# TASK DIRECTIONS
The lines to repeat are those below from the one containing "部品を組替えることにより、手洗付、平付、手洗なしのロータンクに使用できます。" down to the one containing "Poniżej list od", both included; reproduce them exactly and nothing else.

# INFORMATION PROVIDED
──────────
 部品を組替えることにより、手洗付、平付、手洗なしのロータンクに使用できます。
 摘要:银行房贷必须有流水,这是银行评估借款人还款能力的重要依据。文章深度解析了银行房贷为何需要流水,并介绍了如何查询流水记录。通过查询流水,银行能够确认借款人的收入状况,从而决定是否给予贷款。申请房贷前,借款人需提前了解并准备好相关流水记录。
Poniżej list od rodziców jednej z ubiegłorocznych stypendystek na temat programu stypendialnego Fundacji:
──────────
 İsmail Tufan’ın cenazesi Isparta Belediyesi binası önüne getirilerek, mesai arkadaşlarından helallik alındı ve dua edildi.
──────────
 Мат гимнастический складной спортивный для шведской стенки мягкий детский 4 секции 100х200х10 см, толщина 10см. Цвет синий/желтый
──────────
# EXPECTED OUTPUT
 部品を組替えることにより、手洗付、平付、手洗なしのロータンクに使用できます。
 摘要:银行房贷必须有流水,这是银行评估借款人还款能力的重要依据。文章深度解析了银行房贷为何需要流水,并介绍了如何查询流水记录。通过查询流水,银行能够确认借款人的收入状况,从而决定是否给予贷款。申请房贷前,借款人需提前了解并准备好相关流水记录。
Poniżej list od rodziców jednej z ubiegłorocznych stypendystek na temat programu stypendialnego Fundacji:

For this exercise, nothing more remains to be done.